February 18, 2020
Authored and Edited by Brooke M. Wilner; Margaret A. Esquenet
“Winning isn’t normal.” That’s the titular quote from author Keith F. Bell’s sports psychology book, the beginning of the book’s most notable passage, and part of a tweet initially posted by a third party and retweeted by Joshua Lifrak, director of the Chicago Cubs’ Mental Skills Program. Based on that retweet, Dr. Bell brought a copyright infringement lawsuit against Mr. Lifrak and the Chicago Cubs. The District Court for the Northern District of Illinois recently denied in part the defendants’ motion to dismiss Dr. Bell’s complaint, allowing the retweet-based lawsuit to continue.
In May 2016, Mr. Lifrak retweeted an allegedly exact copy of “the WIN passage,” taken from Dr. Bell’s book, Winning Isn’t Normal, without attributing its content to Dr. Bell. The author sued, alleging that Mr. Lifrak had directly infringed his copyright and that the Cubs had committed contributory copyright infringement and were vicariously liable for Mr. Lifrak’s infringement. The defendants moved to dismiss Dr. Bell’s complaint for failure to state a claim.
On February 4, 2020, the court issued a mixed opinion. First, the court denied the defendants’ motion to dismiss the direct infringement claim against Mr. Lifrak because it was unclear whether retweeting creates a copy of the content on the user’s computer. The court explained that defendants may be liable for direct infringement if their conduct creates a new electronic copy of copyrighted material—but are not liable if they simply link to the original copy. Based on Dr. Bell’s original complaint, which stated that a copy of the retweet existed on servers controlled by the defendant, the court could not find that the defendants had definitively not created an additional copy.
However, the court granted the defendants’ motion to dismiss the contributary copyright infringement claim. The court found that Dr. Bell did not allege any plausible facts that suggested that the Cubs had actual knowledge of the allegedly infringing activity. Rather, the retweet itself did not attribute the quote to Dr. Bell; the Cubs could thus not have known that it infringed Dr. Bell’s copyright. And Dr. Bell did not give either defendant notice of the allegedly infringing conduct prior to filing suit.
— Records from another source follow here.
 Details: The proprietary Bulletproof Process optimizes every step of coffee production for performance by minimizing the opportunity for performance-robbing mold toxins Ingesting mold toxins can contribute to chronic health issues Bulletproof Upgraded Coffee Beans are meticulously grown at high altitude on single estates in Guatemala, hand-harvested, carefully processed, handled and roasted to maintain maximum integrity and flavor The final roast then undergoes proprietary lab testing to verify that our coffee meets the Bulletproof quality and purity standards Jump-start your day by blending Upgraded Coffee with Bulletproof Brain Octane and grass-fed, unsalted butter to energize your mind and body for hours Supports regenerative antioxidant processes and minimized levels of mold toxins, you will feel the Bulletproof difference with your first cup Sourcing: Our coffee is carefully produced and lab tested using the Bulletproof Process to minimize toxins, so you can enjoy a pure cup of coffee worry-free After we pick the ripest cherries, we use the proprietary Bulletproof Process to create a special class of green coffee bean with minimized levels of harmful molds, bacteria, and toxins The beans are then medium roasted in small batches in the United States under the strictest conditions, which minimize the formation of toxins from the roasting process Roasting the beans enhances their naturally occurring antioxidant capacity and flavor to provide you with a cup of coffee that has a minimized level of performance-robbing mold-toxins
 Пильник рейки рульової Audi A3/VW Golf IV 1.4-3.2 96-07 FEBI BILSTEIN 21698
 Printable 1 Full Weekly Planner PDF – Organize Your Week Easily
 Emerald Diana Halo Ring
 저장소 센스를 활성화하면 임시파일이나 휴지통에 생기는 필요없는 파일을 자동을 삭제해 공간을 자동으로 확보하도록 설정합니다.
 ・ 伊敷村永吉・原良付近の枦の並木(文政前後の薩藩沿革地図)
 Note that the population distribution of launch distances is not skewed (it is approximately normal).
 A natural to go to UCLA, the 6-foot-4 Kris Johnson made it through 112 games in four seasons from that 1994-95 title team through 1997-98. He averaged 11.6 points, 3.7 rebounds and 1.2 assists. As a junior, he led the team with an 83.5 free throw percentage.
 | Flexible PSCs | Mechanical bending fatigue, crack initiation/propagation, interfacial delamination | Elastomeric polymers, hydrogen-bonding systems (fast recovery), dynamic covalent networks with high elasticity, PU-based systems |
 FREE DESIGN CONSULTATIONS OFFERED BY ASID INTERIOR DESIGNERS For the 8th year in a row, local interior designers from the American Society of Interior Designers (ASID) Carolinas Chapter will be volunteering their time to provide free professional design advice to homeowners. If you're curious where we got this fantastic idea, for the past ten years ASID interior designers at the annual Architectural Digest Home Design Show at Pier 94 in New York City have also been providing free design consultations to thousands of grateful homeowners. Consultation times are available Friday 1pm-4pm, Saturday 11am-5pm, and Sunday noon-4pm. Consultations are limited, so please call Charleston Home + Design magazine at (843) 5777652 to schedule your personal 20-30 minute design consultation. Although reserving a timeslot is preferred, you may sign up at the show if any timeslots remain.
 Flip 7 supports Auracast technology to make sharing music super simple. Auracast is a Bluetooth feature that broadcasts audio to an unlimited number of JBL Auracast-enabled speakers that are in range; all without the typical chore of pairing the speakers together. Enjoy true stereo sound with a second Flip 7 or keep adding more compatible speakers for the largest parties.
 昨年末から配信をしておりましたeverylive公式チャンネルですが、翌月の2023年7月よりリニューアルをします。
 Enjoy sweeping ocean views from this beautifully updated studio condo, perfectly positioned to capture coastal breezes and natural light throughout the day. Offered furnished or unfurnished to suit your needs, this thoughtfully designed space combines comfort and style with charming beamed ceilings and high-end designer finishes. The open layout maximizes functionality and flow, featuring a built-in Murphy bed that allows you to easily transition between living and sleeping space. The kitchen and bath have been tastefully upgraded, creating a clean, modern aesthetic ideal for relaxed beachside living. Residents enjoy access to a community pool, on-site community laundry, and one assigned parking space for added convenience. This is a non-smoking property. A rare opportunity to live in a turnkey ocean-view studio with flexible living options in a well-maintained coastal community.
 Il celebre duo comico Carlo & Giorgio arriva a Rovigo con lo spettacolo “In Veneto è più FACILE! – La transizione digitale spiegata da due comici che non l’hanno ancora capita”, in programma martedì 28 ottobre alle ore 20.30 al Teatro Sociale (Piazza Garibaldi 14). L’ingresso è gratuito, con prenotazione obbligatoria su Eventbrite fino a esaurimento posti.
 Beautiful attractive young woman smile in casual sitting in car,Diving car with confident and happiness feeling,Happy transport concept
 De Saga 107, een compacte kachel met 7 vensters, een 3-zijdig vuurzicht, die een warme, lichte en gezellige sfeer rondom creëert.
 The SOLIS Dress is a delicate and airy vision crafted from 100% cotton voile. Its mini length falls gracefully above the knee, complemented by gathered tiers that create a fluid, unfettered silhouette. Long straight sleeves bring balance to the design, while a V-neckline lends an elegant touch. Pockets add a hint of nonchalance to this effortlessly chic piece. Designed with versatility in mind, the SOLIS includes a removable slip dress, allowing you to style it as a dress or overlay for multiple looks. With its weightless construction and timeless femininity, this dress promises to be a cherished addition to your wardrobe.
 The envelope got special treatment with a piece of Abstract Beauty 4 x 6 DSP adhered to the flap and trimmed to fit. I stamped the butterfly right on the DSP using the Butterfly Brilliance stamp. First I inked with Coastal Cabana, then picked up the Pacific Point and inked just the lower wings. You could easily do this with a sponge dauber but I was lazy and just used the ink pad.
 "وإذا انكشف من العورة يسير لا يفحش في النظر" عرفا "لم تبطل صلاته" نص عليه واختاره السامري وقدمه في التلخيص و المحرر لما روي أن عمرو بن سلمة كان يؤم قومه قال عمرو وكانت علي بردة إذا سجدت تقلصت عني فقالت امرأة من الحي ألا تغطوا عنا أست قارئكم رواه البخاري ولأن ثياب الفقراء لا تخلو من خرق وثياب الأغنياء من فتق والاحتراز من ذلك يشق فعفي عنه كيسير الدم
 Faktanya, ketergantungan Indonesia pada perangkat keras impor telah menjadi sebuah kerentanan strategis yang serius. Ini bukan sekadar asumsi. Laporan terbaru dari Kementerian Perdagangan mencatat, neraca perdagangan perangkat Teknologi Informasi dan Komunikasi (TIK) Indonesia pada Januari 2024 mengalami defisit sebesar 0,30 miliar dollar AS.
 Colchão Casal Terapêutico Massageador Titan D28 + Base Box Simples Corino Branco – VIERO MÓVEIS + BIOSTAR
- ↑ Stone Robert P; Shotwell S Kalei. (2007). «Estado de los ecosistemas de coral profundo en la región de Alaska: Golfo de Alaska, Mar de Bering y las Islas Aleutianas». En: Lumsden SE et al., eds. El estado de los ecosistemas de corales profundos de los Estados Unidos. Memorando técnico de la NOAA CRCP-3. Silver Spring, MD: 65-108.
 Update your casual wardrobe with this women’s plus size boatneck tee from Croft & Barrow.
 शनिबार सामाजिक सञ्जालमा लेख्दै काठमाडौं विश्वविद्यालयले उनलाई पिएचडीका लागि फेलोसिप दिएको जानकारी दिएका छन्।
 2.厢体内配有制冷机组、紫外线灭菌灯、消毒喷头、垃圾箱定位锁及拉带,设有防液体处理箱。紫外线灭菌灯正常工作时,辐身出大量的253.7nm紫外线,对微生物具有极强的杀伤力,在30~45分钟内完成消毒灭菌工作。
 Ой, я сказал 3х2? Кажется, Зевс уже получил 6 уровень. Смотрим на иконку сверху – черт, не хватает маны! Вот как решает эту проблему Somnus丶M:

Dr. Bell was more successful in his claim for vicarious liability against the Cubs. That claim required Dr. Bell to prove two elements: first, that the Cubs had the right and ability to supervise the infringing conduct; and second, that the Cubs had a direct financial interest in that conduct. The court found that the complaint, which alleged that the Cubs had the right to police Mr. Lifrak’s personal social media presence, had sufficiently pled the supervision element. The complaint further alleged that the Cubs had a direct financial interest in Mr. Lifrak’s tweets because his social media presence increased the exposure of the Cubs. The court found these allegations minimally sufficient and thus denied the motion to dismiss.
Although the court allowed most of Dr. Bell’s suit to continue, it expressed skepticism about his claims. The court warned, for example, that the complaint’s assertion that a copy of the retweet remained on servers controlled by the defendants may turn out to be factually inaccurate. The court also questioned whether the plaintiff would be able “to marshal any actual evidence” that the individual retweet resulted in direct financial gain to the Cubs. And even if that assertion is factually true and the plaintiff gathers evidence showing direct financial gain, the court noted that it may be difficult for Dr. Bell to “ever be able to establish knowledge or willfulness,” which would be required to support a claim for more than the $200 minimum statutory damages under 17 U.S.C. § 504(c)(2).
The decision is Bell v. Chi. Cubs Baseball Club, LLC, No. 19-cv-2386, 2020 U.S. Dist. LEXIS 17527 (N.D. Ill. Feb. 4, 2020).